**Work instruction:** All that belongs in the answer is the lines from the one containing "On a warm spring" to the end of the listing below, copied exactly, pictures excluded.
*** Opening Information supplied ***
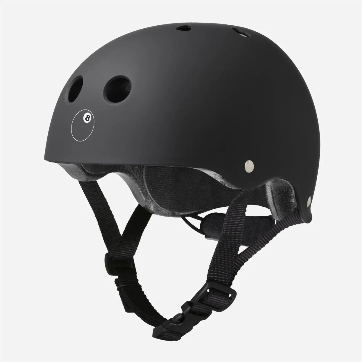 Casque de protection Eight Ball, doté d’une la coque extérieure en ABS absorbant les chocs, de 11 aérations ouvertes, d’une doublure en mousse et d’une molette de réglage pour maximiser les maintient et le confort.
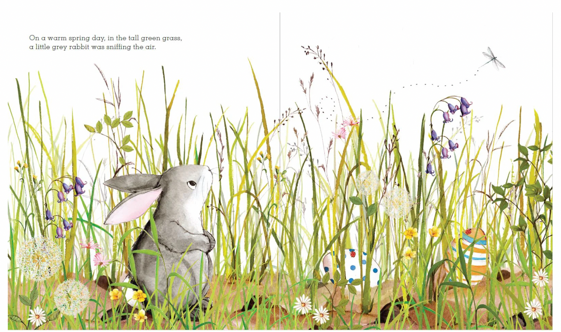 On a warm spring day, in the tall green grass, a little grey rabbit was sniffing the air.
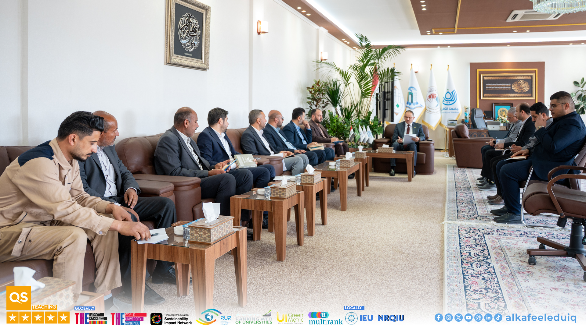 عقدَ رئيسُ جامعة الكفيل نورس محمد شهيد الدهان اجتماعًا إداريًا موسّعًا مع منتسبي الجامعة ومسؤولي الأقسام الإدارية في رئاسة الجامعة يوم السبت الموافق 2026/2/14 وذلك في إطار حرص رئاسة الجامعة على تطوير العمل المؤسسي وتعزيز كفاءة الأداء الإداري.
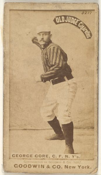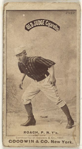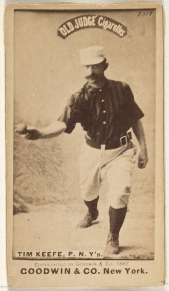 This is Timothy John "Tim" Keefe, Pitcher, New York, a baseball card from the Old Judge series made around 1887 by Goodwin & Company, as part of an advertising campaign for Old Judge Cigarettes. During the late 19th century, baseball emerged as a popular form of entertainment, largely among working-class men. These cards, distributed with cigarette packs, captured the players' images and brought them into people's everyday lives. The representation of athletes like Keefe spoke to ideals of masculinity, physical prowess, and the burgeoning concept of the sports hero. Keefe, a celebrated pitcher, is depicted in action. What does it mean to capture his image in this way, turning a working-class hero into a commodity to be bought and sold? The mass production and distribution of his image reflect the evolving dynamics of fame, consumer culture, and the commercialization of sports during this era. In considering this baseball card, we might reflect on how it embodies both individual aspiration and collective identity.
*** Closing Information supplied ***
**Solution:**
 On a warm spring day, in the tall green grass, a little grey rabbit was sniffing the air.
 عقدَ رئيسُ جامعة الكفيل نورس محمد شهيد الدهان اجتماعًا إداريًا موسّعًا مع منتسبي الجامعة ومسؤولي الأقسام الإدارية في رئاسة الجامعة يوم السبت الموافق 2026/2/14 وذلك في إطار حرص رئاسة الجامعة على تطوير العمل المؤسسي وتعزيز كفاءة الأداء الإداري.
 This is Timothy John "Tim" Keefe, Pitcher, New York, a baseball card from the Old Judge series made around 1887 by Goodwin & Company, as part of an advertising campaign for Old Judge Cigarettes. During the late 19th century, baseball emerged as a popular form of entertainment, largely among working-class men. These cards, distributed with cigarette packs, captured the players' images and brought them into people's everyday lives. The representation of athletes like Keefe spoke to ideals of masculinity, physical prowess, and the burgeoning concept of the sports hero. Keefe, a celebrated pitcher, is depicted in action. What does it mean to capture his image in this way, turning a working-class hero into a commodity to be bought and sold? The mass production and distribution of his image reflect the evolving dynamics of fame, consumer culture, and the commercialization of sports during this era. In considering this baseball card, we might reflect on how it embodies both individual aspiration and collective identity.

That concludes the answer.